WHAT TO WORK ON: Please transcribe exactly, and only, the lines of the data below between the line holding "蓮(15画)澤(17画) 野(11画)々(11画)香(9画)" and the line holding "- MINIMALIST MODERN", inclusive.

DATA EXCERPTS:
★ ★ ★

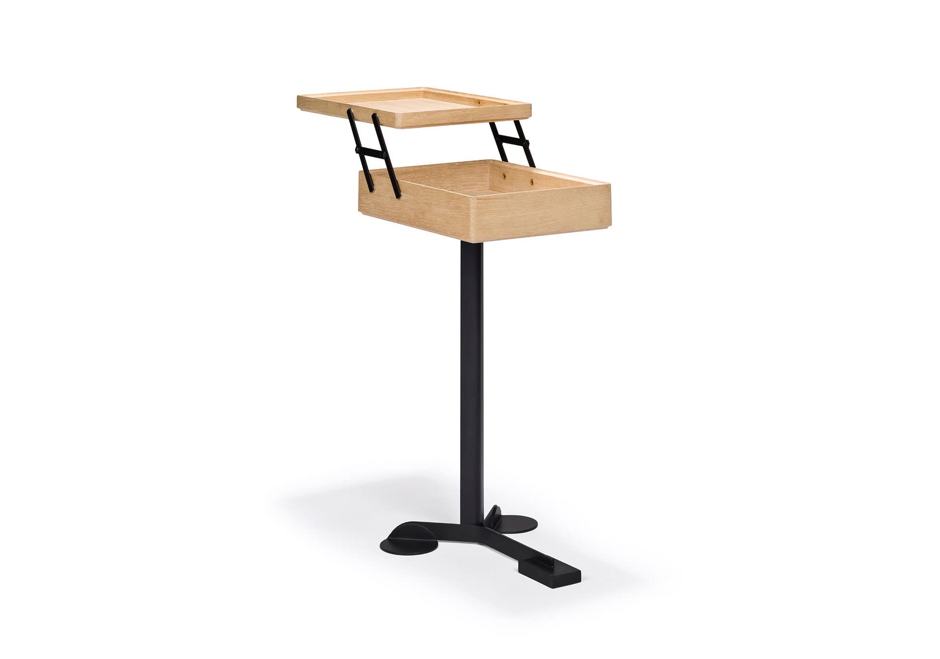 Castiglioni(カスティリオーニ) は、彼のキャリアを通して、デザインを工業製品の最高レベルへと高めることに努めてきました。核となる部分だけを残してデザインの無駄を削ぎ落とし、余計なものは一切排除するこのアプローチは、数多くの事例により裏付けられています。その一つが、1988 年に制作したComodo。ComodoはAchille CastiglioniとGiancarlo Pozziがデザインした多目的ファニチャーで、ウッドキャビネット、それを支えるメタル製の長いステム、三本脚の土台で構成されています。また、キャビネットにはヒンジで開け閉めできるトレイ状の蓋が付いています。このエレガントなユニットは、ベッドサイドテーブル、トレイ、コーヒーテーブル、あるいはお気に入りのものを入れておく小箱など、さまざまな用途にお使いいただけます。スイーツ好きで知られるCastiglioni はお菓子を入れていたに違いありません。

★ ★ ★

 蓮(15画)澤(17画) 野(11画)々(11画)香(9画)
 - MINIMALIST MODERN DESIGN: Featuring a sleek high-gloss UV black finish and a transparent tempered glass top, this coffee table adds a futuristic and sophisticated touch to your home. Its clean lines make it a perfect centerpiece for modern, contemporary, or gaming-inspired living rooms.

★ ★ ★

ANSWER FOR THIS EXERCISE:
 蓮(15画)澤(17画) 野(11画)々(11画)香(9画)
 - MINIMALIST MODERN DESIGN: Featuring a sleek high-gloss UV black finish and a transparent tempered glass top, this coffee table adds a futuristic and sophisticated touch to your home. Its clean lines make it a perfect centerpiece for modern, contemporary, or gaming-inspired living rooms.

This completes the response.